National Deputy for Rutshuru
- Incumbent
- Assumed office January 28, 2019

Personal details
- Born: October 18, 1959 (age 66) Rutshuru, North Kivu, Belgian Congo (now Democratic Republic of the Congo)
- Party: UDCN (2019–2024) AFDC-A (2024-present)

= Maguy Rwakubaba =

Maguy Rwakubaba Ribagiza is a Congolese politician who has served as a national deputy for Rutshuru Territory in North Kivu since 2019.

== Biography ==
Rwakubaba is the daughter of former minister Cyprien Rwakubaba Shinga, who died in 2008. She was born in Rutshuru on October 18, 1959, and is a Tutsi.

She first joined the government in March 2012 as vice-minister of Primary, Secondary, and Vocational Education in the Matata I government.

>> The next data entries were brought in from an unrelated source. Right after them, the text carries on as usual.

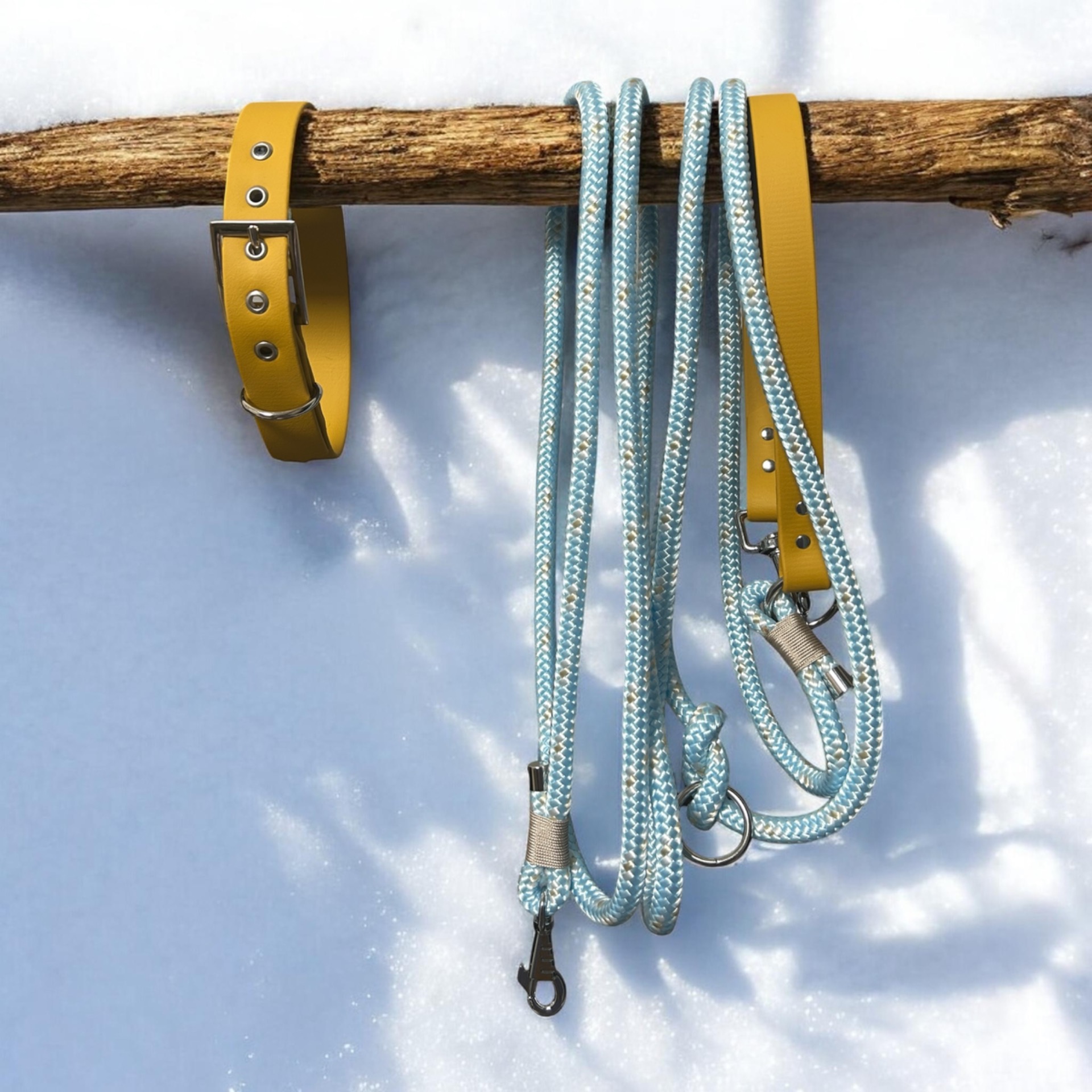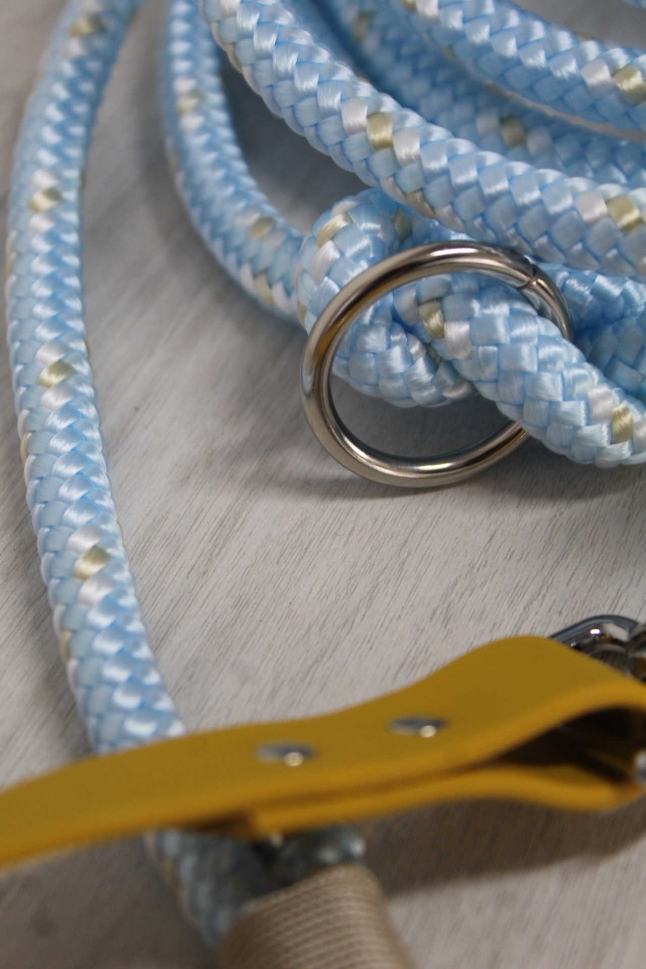 Le modèle Skadi est conçu avec une corde PPM aux tons clairs de 1cm de largeur, à la fois résistante, souple & agréable en mains qui rappelle le froid des paysages montagneux. Sa poignée en biothane Jaune Moutarde apporte un excellent confort de prise tout en ajoutant un touche de style unique.
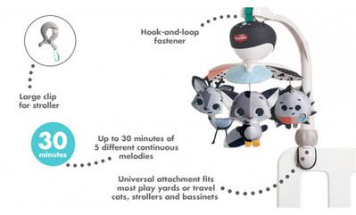 Portable Music Mobile for Pram, Multi-Use with 3 Connectors, 5 Melodies, 30 Minutes of Continuous Music, Magical Tales
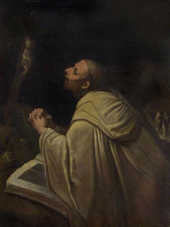 - NOTIZIE STORICO CRITICHE Il dipinto pervenne alla Pinacoteca Repossi grazie al lascito di Antonio Rota risalente ad una data non precisata. Infatti presso la Biblioteca Morcelli (Fondo Ginnasio, b. 1 Inventari) si conserva un biglietto da visita di Giovanni Battista Rota al verso del quale si trova una nota manoscritta di Antonio Rota con la quale egli esprime la volontà di donare alla pinacoteca clarense i seguenti tre quadri: "S. Anna del Salmeggia; S. Lucia del Paglia; B. Bernardo de' Tolomei di Daniele Crespi". Nella medesima nota Antonio Rota indica anche che, in caso di vendita, l'importo di tale operazione dovesse essere devoluto alla Congregazione di Carità. Al momento della donazione pertanto quest'opera era attribuita a Daniele Crespi; pur non accettando tale attribuzione, anche Terraroli confermava l'ambito di provenienza e il limite cornologico, facendo discendere i forti tagli di luce e l'atteggiamento fortemente retorico della figura del santo dal magistero di Giovan Battista Crespi detto il Cerano e dalla maniera fortemente luministica e patetica di Francesco Cairo. In questa sede non paiono però accettabili le conclusioni dello studioso preferendo collocare il dipinto in un ambito temporale e spaziale assai diverso. Forti tangenze stilistiche, oltre che tipologiche portano ad attribuire l'opera al bresciano Francesco Savanni che nel 1760 dipingeva una grande tela per la soppressa chiesa bresciana di Santa Francesca Romana (oggi in collezione privata bresciana) raffigurante san Benedetto che comanda a san Placido di estrarre san Mauro dalle acque che per le stesse accensioni cromatiche, i tagli di luce e la liquida materia pittorica che disegna i fantasmatici personaggi in saio bianco, mostra tangenze fortissime con l'opera clarense, allo stesso modo giocata sul grande contrasto tra la figura del beato Tolomei, quasi ridotto a una esuberante massa di panni bianchi, e il resto della composizione immerso in una umbratile atmosfera notturna dove i baluginii delle luci fattesi filamentose si intaglientiscono sugli oggetti alla stessa maniera di quanto sperimentato dall'artista nella tela bresciana e in altre opere compiute durante la sua non sempre fortunata carriera.
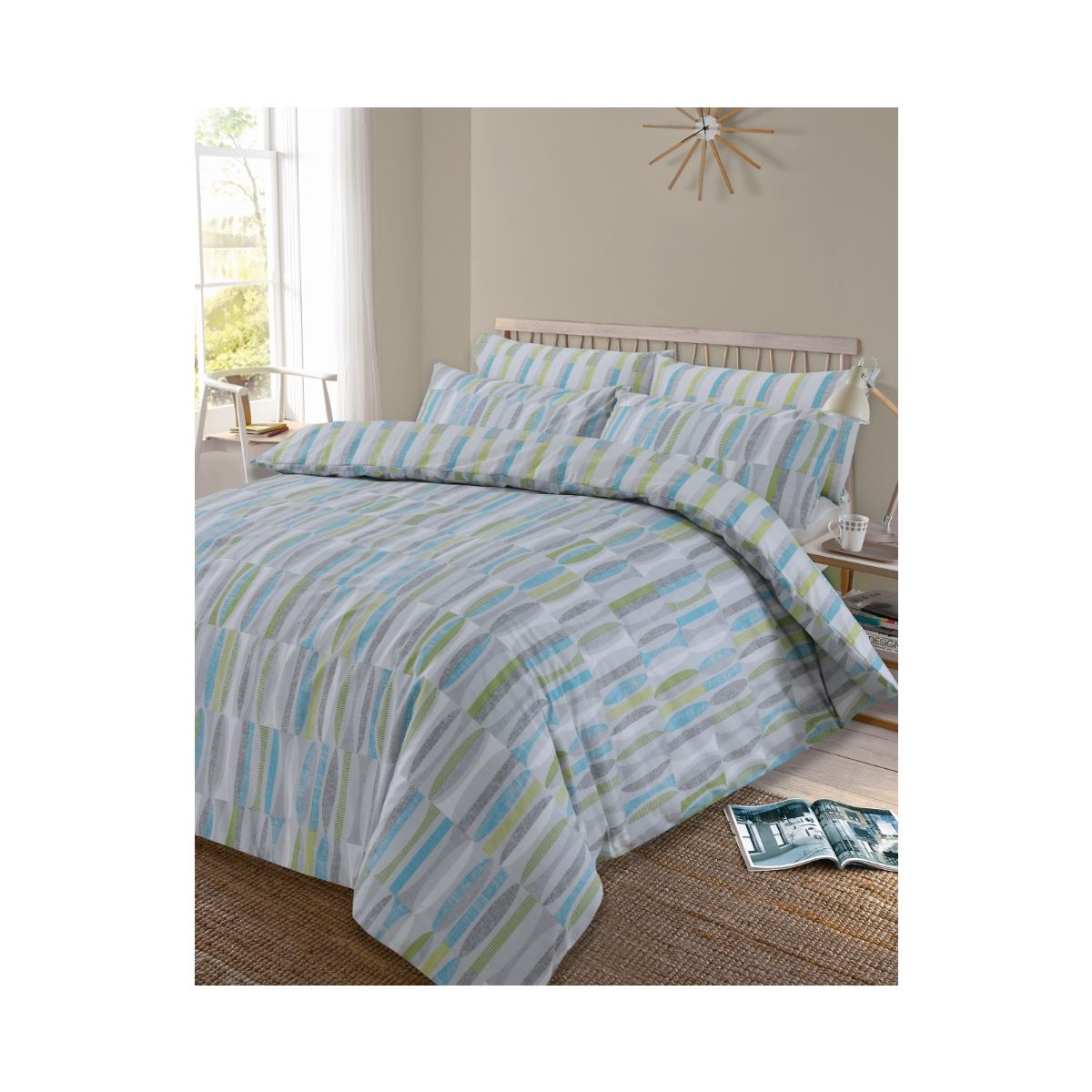 OHS Ellipse Duvet Cover with Pillow Case Reversible Geometric Bedding Set, Teal Green Grey Silver - King
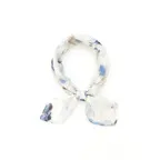 65cm×65cmの小判スカーフで、アスコットタイのようにシャツやブラウスの中におさめて使うこともできます。室内でも巻いたままでいられるので使いやすくなっています。
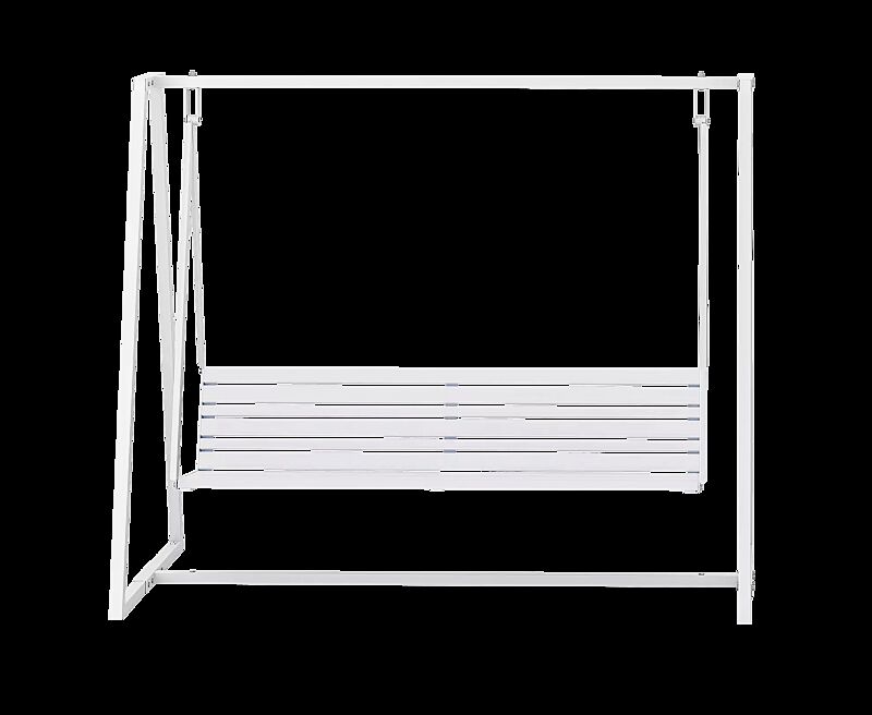 Schaukelbank mit einem Gestell und Unterkonstruktion aus Stahl. Sitzfläche und Rückenlehne aus Aluminium-Rechteckprofilen. Die Aufhängung der Schaukel erfolgt über Stahlwinkel am Schaukelbalken. Bietet ausreichend Sitzfläche für 2 Erwachsene bzw. 3 Kinder. Befestigungsmaterial nicht im Lieferumfang enthalten.
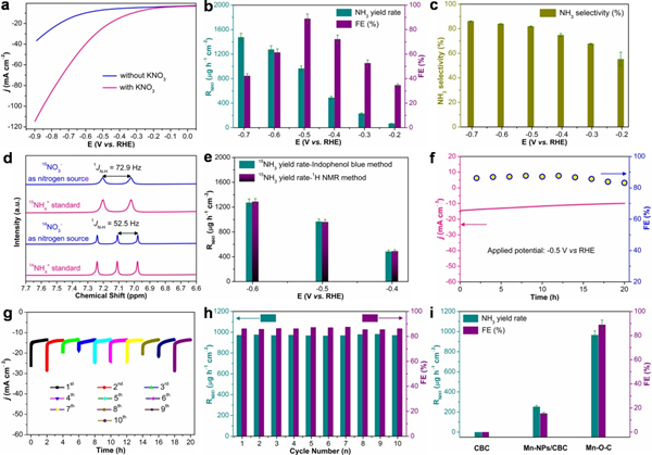 图2. (a)Mn-O-C样品分别在含有和不含有KNO3的Ar饱和的0.1 M K2SO4电解质中对应的线性扫描伏安曲线; (b)不同电位下对应的产氨速率和法拉第效率;(c)不同电位下的产氨选择性; (d) 最佳电位下分别以15NO3和14NO3和标样的1H NMR谱图; (e) 最佳电位下靛酚蓝和1H NMR两种方法定量检测氨速率对比图;(f)长时间NO3-RR测试;(g) 和 (h) 循环稳定性测试;(i) CBC,Mn-NPs/CBC 和Mn-O-C样品NO3-RR性能对比图。
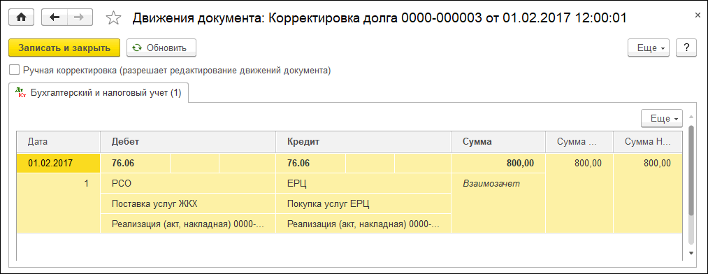 Дт 76 (ЕРЦ) / Кт 76 (РСО) – Начисление услуг от имени РСО в адрес ЕРЦ
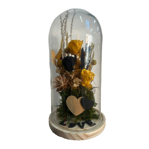 Cúpula de flor preservada. Variedad de diseños, colores, con adornos en madera,…
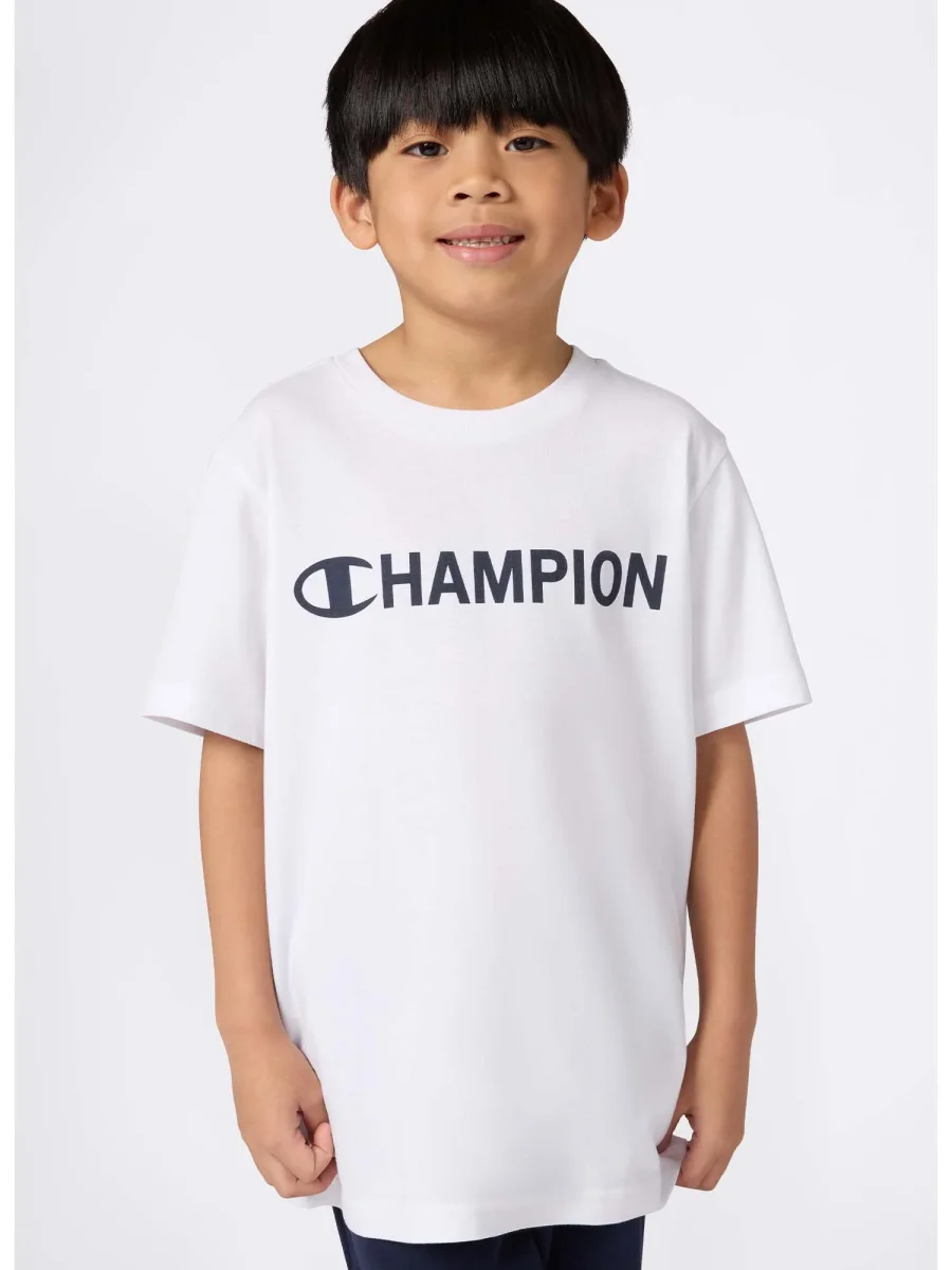 T-SHIRT GIROCOLLO CON LOGO CHAMPION DA BAMBINO BIANCO
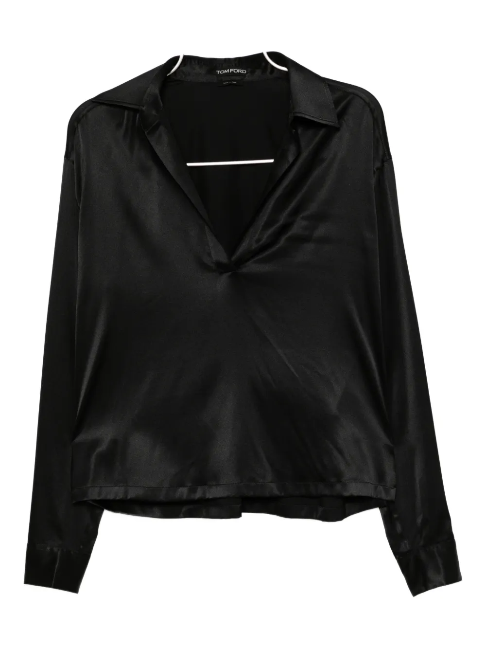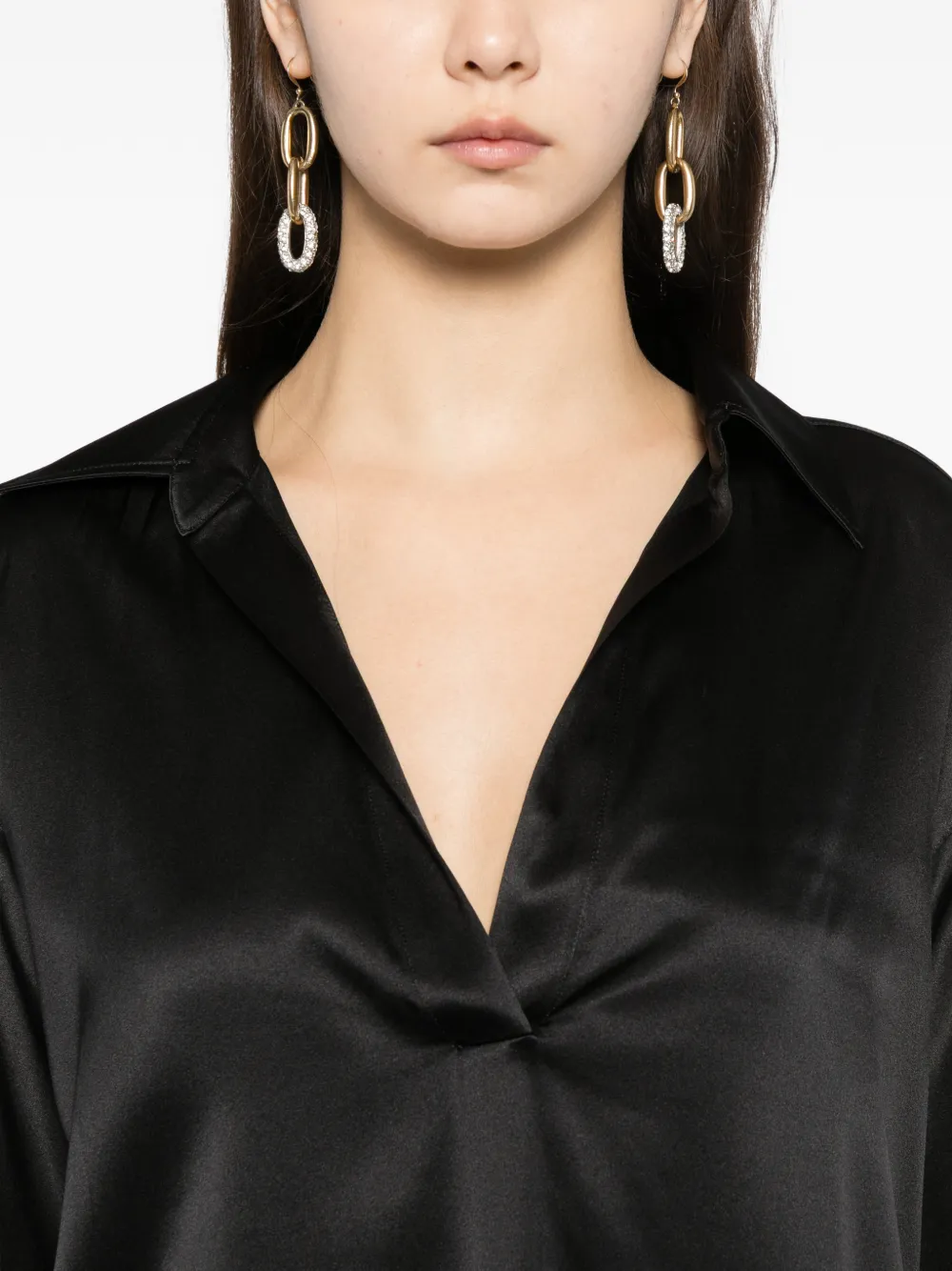Черная рубашка-поло с V-образным вырезом и рукавами на пуговицах

In December 2014, she was appointed vice-minister of energy in the Matata II government. In the Badibanga government appointed in December 2016, she became deputy Minister of Health. She then became deputy Minister of Budget in 2018 in the Tshibala government.

In 2018, she was among the several Congolese government officials singled out by Jeune Afrique as having dual nationalities, which is forbidden under Congolese law. Rwakubaba has held Belgian citizenship since October 12, 2001.

Rwakubaba is president of the political party Union of Democrats for National Concord (UDCN). She was elected national deputy for Rutshuru in the 2018 legislative elections. In July 2020, she was appointed vice-president of the Network of Women Parliamentarians in the National Assembly. She was re-elected in 2024, as part of the Alliance of Democratic Forces of Congo and Allies (AFDC-A).